● WORK TO BE COMPLETED:
For the copy, please give all of the data again exactly and leave the pictures out.

● COLLECTED MATERIAL:
•••••

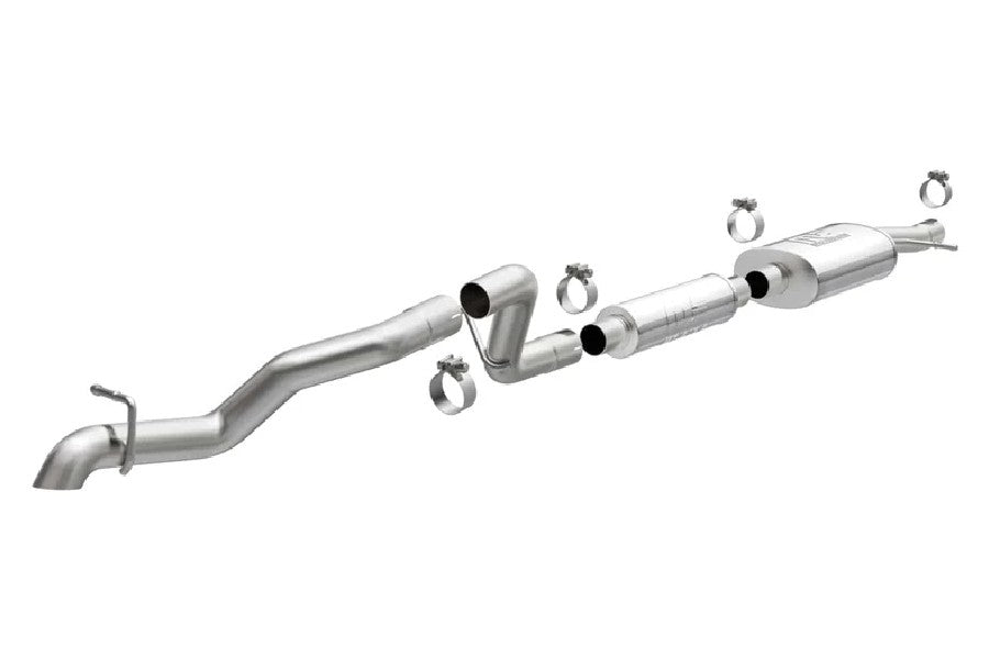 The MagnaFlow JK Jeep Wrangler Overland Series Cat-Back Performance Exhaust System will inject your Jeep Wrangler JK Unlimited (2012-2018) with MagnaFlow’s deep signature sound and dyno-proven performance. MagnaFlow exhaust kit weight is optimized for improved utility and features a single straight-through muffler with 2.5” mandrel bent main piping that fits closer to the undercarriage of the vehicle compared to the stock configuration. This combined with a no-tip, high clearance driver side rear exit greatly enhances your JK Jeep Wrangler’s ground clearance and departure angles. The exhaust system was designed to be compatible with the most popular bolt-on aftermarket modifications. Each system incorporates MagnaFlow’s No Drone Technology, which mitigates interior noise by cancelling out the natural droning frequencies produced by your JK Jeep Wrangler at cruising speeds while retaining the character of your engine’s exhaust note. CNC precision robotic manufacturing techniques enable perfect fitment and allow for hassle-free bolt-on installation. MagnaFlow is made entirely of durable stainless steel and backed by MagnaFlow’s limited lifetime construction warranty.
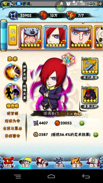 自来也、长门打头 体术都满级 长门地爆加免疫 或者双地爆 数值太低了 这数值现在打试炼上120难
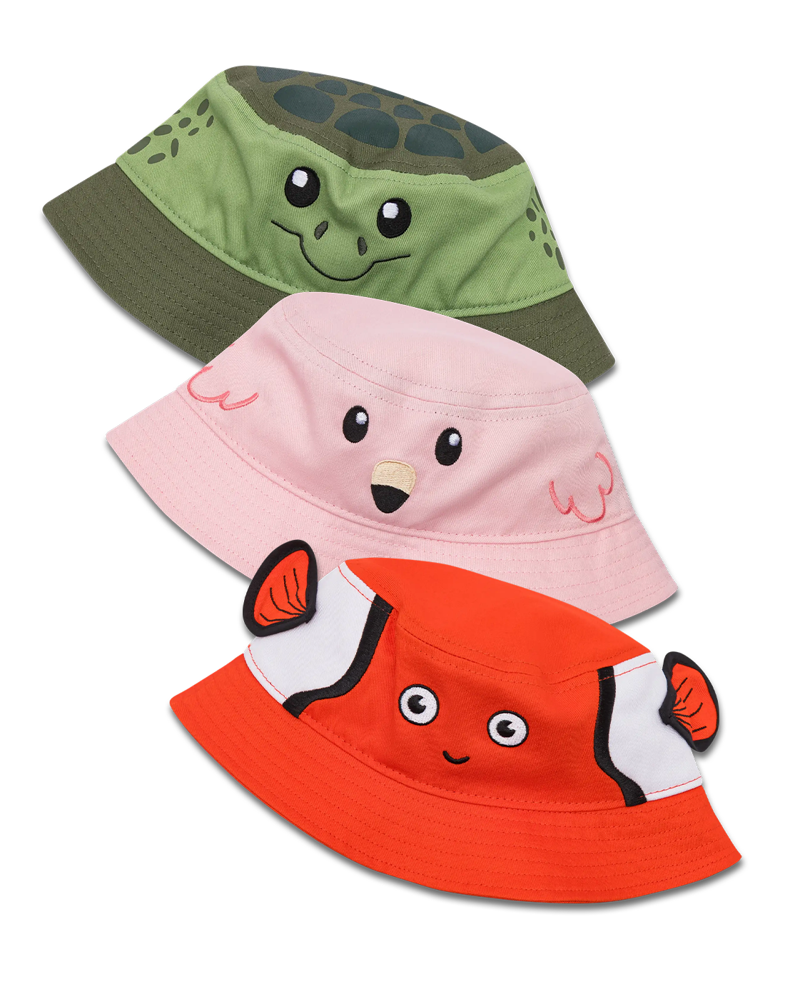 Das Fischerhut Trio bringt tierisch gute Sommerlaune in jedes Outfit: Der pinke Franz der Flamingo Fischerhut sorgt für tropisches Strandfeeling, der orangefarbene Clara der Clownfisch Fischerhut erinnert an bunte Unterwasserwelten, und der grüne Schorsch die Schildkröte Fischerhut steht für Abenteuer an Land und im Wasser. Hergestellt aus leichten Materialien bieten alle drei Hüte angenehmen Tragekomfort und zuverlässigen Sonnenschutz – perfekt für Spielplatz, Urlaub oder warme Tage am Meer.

•••••

● WORKED SOLUTION:
 The MagnaFlow JK Jeep Wrangler Overland Series Cat-Back Performance Exhaust System will inject your Jeep Wrangler JK Unlimited (2012-2018) with MagnaFlow’s deep signature sound and dyno-proven performance. MagnaFlow exhaust kit weight is optimized for improved utility and features a single straight-through muffler with 2.5” mandrel bent main piping that fits closer to the undercarriage of the vehicle compared to the stock configuration. This combined with a no-tip, high clearance driver side rear exit greatly enhances your JK Jeep Wrangler’s ground clearance and departure angles. The exhaust system was designed to be compatible with the most popular bolt-on aftermarket modifications. Each system incorporates MagnaFlow’s No Drone Technology, which mitigates interior noise by cancelling out the natural droning frequencies produced by your JK Jeep Wrangler at cruising speeds while retaining the character of your engine’s exhaust note. CNC precision robotic manufacturing techniques enable perfect fitment and allow for hassle-free bolt-on installation. MagnaFlow is made entirely of durable stainless steel and backed by MagnaFlow’s limited lifetime construction warranty.
 自来也、长门打头 体术都满级 长门地爆加免疫 或者双地爆 数值太低了 这数值现在打试炼上120难
 Das Fischerhut Trio bringt tierisch gute Sommerlaune in jedes Outfit: Der pinke Franz der Flamingo Fischerhut sorgt für tropisches Strandfeeling, der orangefarbene Clara der Clownfisch Fischerhut erinnert an bunte Unterwasserwelten, und der grüne Schorsch die Schildkröte Fischerhut steht für Abenteuer an Land und im Wasser. Hergestellt aus leichten Materialien bieten alle drei Hüte angenehmen Tragekomfort und zuverlässigen Sonnenschutz – perfekt für Spielplatz, Urlaub oder warme Tage am Meer.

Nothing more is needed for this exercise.